Near the equator, a zone of low pressure is found. It is followed in both hemispheres by zone of high pressure called ‘subtropical’ high-pressure belts. In summer hemisphere, these high-pressure belts do not extend continually around the earth but are interrupted over the continents since the land is hotter than the oceans. The central regions of the high-pressure belts have frequent calms. In the region of the westerlies even the mean pressure distribution is rather irregular because of the migrating pressure centers. On the whole, the pressure decreases here toward the pole. In the surface layers of the arctic and of the Antarctic zone, the pressure distribution is anticyclonic, because of the low temperature of the air in the surface layers. Since Greenland and Antarctica are not symmetrical with respect to the poles, the zones of the easterly winds in the polar regions are not symmetrical to the poles.


Effect of land and sea on the on the wind and pressure distribution

The unequal heating of water and land produces considerable modifications of the pressure and wind distribution. These deviations are more noticeable during the extreme months of January and July.
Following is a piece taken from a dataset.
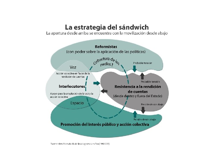 Próximos pasos: invertir en la sinergia Estado-sociedad Teoría del cambio: la construcción de la rendición de cuentas está impulsada por coaliciones de fuerzas pro-rendición de cuentas a ambos lados de la divisoria entre Estado y sociedad y actúan para contrarrestar a fuerzas anti-rendición de cuentas (que también están a ambos lados de la divisoria entre Estado y sociedad). Características claves: - Punto de salida: las fuerzas anti-rendición de cuentas a menudo son más fuertes que las pro-rendición de cuentas. - Esta desequilibrio de poder conduce a “trampas de bajos niveles rendición de cuentas” auto-reforzables. -Punto de entrada: ¿Pueden los reformadores gubernamentales modificar el entorno para la acción colectiva? - De ser así, entonces la acción colectiva y la supervisión de la sociedad civil pueden a su vez empoderar a los reformadores gubernamentales. - Invertir en interlocutores: la creación de puentes dentro del capital social puede alentar la construcción de coaliciones entre actores pro-rendición de cuentas tanto en el Estado como en la sociedad civil. - Negociaciones accesibles y procesos de adjudicación pueden mitigar conflictos. - Conviene suponer que las variaciones a nivel subnacional y el cambio discontinuo son eventos probables. - Este proceso de empoderamiento mutuo también se llama “co-producción” o “co-gobernanza”. La estrategia del sándwich: expresión que se refiere coaliciones coordinadas entre actores pro-rendición de cuentas insertos tanto en el Estado como la sociedad.

During July, the large continental mass of the northern hemisphere is much warmer than the surrounding oceans. Hence a low pressure is found over the continents, which interrupt the high-pressure belt.
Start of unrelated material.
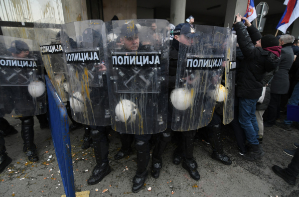 "Bez ikakvog povoda, jedan broj okupljenih gađao je pripadnike policije topovskim udarima, kamenicama, jajima, jogurtom, farbom i drugim predmetima, iako su policijski službenici, isključivo, preduzimali radnje sa ciljem obezbeđivanja rada gradske Skupštine i očuvanja javnog reda i mira, što im je profesionalni zadatak i zakonska obaveza" navedeno je u saopštenju.

The continental low is in direct connection with the equatorial low-pressure zone of doldrums. The southern hemisphere has winter in July so that here the land is colder than the water. But the disturbance of the pressure distribution is much less because of the smaller land area in the southern hemisphere. Over the continents, in the northern hemisphere during July, the northeast trade winds are absent. Instead, the southwest winds that are observed are continuation of the southeast trade winds of the southern hemisphere, which are deflected to southwest as they cross the equator.
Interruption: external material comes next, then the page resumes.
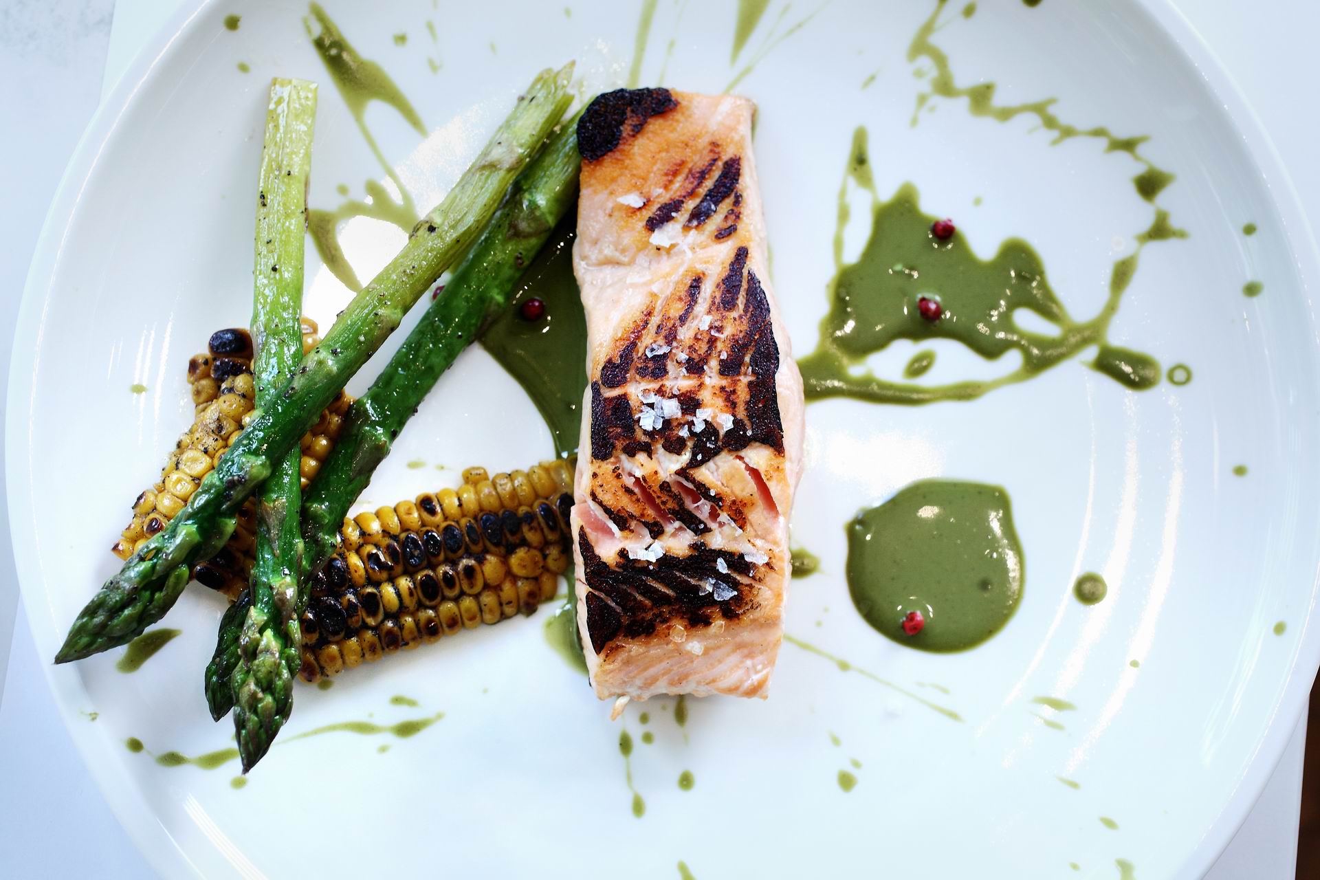 Ψητός σολομός με βούτυρο από φιστίκι Αιγίνης, σπαράγγια και καλαμπόκι

The deflection of the southeast trades into the southwest monsoon is especially pronounced over India and the Indian Ocean. During January in the northern hemisphere, the continent is much colder than the adjoining oceans where a strong high is developed. On the south side of the continental anticyclone, the winds are northeasterly. The centers of low pressure over the oceans are considerably intensified during the winter so that the cyclonic activity is now at a maximum. On the north side of the continental anticyclone, the winds are westerly. Thus the belts of westerlies surround the northern hemisphere completely, but are displaced more northward over the continents. The southern hemisphere has its summer during January. Thus the pressure over the continents is now lower than over the adjoining oceans. As a result, the zone of doldrums with its low pressure shows a southward bulge over the continent. But the interruption of the southern subtropical highpressure belt by the continents during January is only slight.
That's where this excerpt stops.